De Gouw: I play Elizabeth Brooks who’s from Ohio. She’s kind of an aimless socialite when we meet her. Kind of manic. She has no outlet for her energy or her love. But then she makes a trip with her husband to the Macon plantation and experiences the horrific nature that is plantation life and slavery in person. She feels very strongly against it, and this is her call to action to do something about. She gets heavily involved in being an abolitionist and in creating a safe house.

 

On Underground’s music:

 

Green: We knew we wanted it to be bold. And everybody approaches this time people a certain way. It’s kind of like we’re all looking at a portrait on the wall. It’s kind of Gone With the Wind. And we’re like, ‘No!’ We want to drag it into the present and what better way than music. You hear a song from 1920 and it hits you just as well as anything.

 

Hodge: Kanye West’s “Black Skinhead” was the first thing that jumped off the page for us. The first scene when you see this man running with “Skinhead” in the background—that music infuses through our story and shows the pace and urgency of what’s going on. So you’re at the edge of your seat trying to figure out what’s going to happen next. And every time you think you know what the outcome is going to be, Misha and Joe flip it.

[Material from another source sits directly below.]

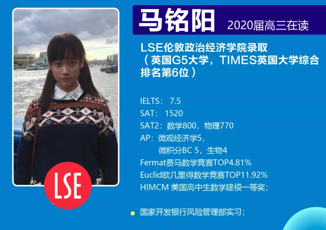 在今年的大学申请中,成都七中国际部高三AP学子马铭阳,被英国伦敦政治经济学院、爱丁堡大学、伦敦国王学院以及加拿大多伦多大学、滑铁卢大学5所世界一流名校同时录取,最终,马同学选择了与牛津、剑桥并称为金三角名校和G5超级精英大学的伦敦政治经济学院。这样的结果并不让人意外,因为在国际部的3年里,她所走的每一步都是经过认真规划的。对自我清晰的认知,对学习极其的专注和热爱,这些都是国际部学子能收割世界名校OFFER一致的法宝。

We didn’t know if we were going to be in the next episode.

 

On the closeness of the cast:

 

Smollett-Bell: We all became a family. I think because the story and the subject matter is so intense that we had to be there for each other. We bonded within days. It felt like we knew each other for a long time. And now, even though we’ve been wrapped for months, we still keep in touch, we still go to dinner with each other, we’re still on group text messages, and I really think that shows through in the work. When you’re portraying a character, you’re only as good as the other actor you’re portraying the character against. These actors knew I trusted them. And we would push each other.

 

On the origins of Underground:

 

Pokaski: We had breakfast one morning and [Green] said, ‘We should write a show about the underground railroad.’ I thought it had been done before and we were both kind of amazed that it hadn’t. And the more we did research, the more we realized it was an amazing story that hadn’t been done yet.

 

Green: Truth is stranger than fiction. We couldn’t make just make this up. We thought, ‘oh our work is done for us. Oh, this is great.’ And just when you thought, ‘That is the coolest thing, can’t top that,’ there was just another story of the ingenuity of how people were escaping, and what kind of the underground was using to get to freedom, and it was just perfect for TV. We sort of broke it open reading this letter from a young slave girl, and in it she was talking about all the reasons to run or not to run. And I think that all of us coming from a modern lens would think ‘Run, of course you’ll run the first chance you get. But her whole family was on this plantation. For us that really started the way into these characters.

 

Joe: This was the first integrated civil rights movement, so we’re so lucky to have four good stories to tell: the people who were brave enough to run, the people were willing to risk their lives and give up their homes, the slave catchers who had to catch slaves and bring them back or they didn’t put food on the table, and the people on the plantation who they left behind to pay for their sins. There were four great novelistic stories to be told over the first season.